By: Meg O’Connell

Seeking: Tall, dark, non-smoker who will open car doors and lend me his coat when it’s cold. Anyone? Anyone? Bueller? I didn’t think so. Why?

A woman is hard-pressed to find a man today that will actually go out of his way to make a reservation, open a door, call you on the phone just to talk or walk you to your front door at the end of the night. This leads to the question: is chivalry dead? Where have all the gentlemen gone? Nowhere. They’re still here, kicking around.

Chivalry isn’t dead; it’s just on life support.

“I don’t know, I don’t think about opening the door I guess?” said Abdi Omar, first-year broadcasting student at Algonquin. “And it’s like, kind of…[lame]. Yeah it’s polite but you gotta get out of your car and walk around to the other side.”

Who is really to blame? Is it a guy’s fault for being an ass? If we’re going down this road, an even bigger question can be raised—is this the price women pay for equality? In an effort to gain, do women have to sacrifice?

“If a guy ever opened the car door for me I’d probably die,” said Sarah Milito, second-year business-accounting student at Algonquin . “No one has ever opened a car door for me!”

Bob Dylan once wrote, The times they are a-changin’ and this could not be more true. For years it was expected for a man to open doors, lend coats in the cold and pay for everything. Then Beyonce happened. Ok, maybe not Beyonce specifically, but we’ll call it the “Destiny’s Child” era; the independent women era.

As women, we pride ourselves on our ability to hold our own. We vote, we hold the same jobs as men, we raise families on our own and we hold seats in parliament. Women have proven we are just as strong, just as capable as any man. We strive for independence and admire and look up to our strong, trailblazing female peers. The only issue with this is the double standard it creates.

For years now men are told that women are their equals in absolutely everything. They are told and taught that women are capable of doing everything a man could
and should do for them, for themselves. How can we look at a man, demand his respect as a peer and an equal, and then expect him to lay down his coat if there’s a puddle in the road?

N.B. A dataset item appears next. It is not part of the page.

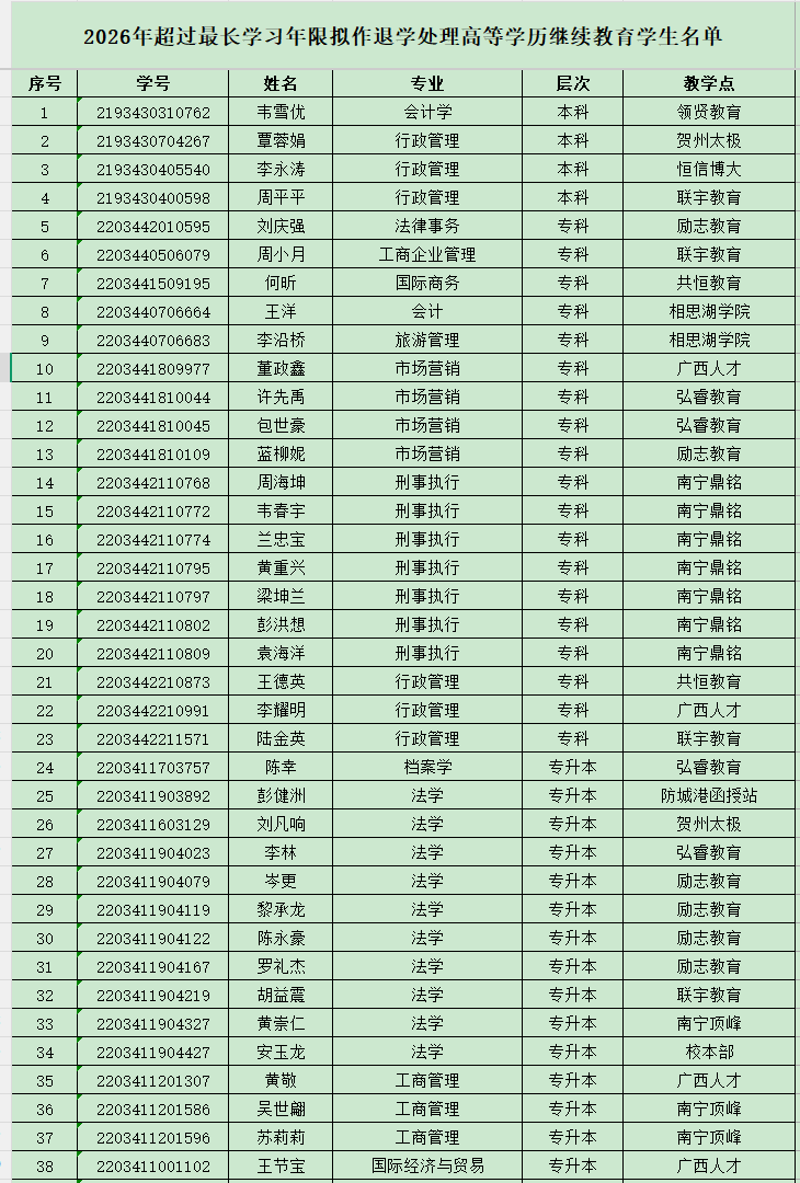 1.韦雪优等4名2019级高等学历继续教育高起本层次学生,于2026年2月2日超过最长学习年限(7年),且未申请办理结业或肄业手续。

Where do we draw the line? Do women really want the knight riding in on a white horse, sweeping us off our feet? Or do we want the world to know that no, I can do my own damn sweeping with the Swiffer I bought myself, thank you.

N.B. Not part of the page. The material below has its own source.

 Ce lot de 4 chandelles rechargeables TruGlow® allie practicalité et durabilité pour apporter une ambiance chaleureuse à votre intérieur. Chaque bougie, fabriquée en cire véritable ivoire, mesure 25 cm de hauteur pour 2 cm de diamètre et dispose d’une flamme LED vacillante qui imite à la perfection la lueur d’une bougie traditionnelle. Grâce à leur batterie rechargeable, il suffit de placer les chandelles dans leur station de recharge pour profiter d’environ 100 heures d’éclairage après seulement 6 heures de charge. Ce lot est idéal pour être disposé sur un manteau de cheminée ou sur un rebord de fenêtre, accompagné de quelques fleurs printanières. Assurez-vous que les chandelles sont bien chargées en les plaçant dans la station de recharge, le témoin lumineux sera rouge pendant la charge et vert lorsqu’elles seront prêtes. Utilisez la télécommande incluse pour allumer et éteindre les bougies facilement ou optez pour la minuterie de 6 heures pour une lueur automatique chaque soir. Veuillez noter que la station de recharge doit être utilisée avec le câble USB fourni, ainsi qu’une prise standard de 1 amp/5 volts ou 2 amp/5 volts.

The way I see it, we can’t have it both ways. We can’t have these ridiculous, idealistic expectations for men or partners because things are one way today but at the same time we long for the way it used to be.

Growing up, my parents instilled the importance of male chivalry; that any guy I was seeing had better open my doors, had better pick up the cheque and had better respect me enough to walk me to my door. Why? It’s polite and cute and would definitely be appreciated, but I’m not going to write a guy off because he sent me a text saying that he was outside instead of coming to my door directly when he comes to pick me up.

I don’t blame any guy for the way things are today. I’m not saying the fault lies in the female population. I’m just saying I can appreciate the idea that the line of what to do and how to act is blurry. It must be extremely frustrating and confusing for any man to find a successful balance between respecting a woman’s independence and flirting with romanticism.

If society and media have taught us anything, when it comes to this particular topic there is no right or wrong, there is no black or white; in fact, there are about 50 shades of grey.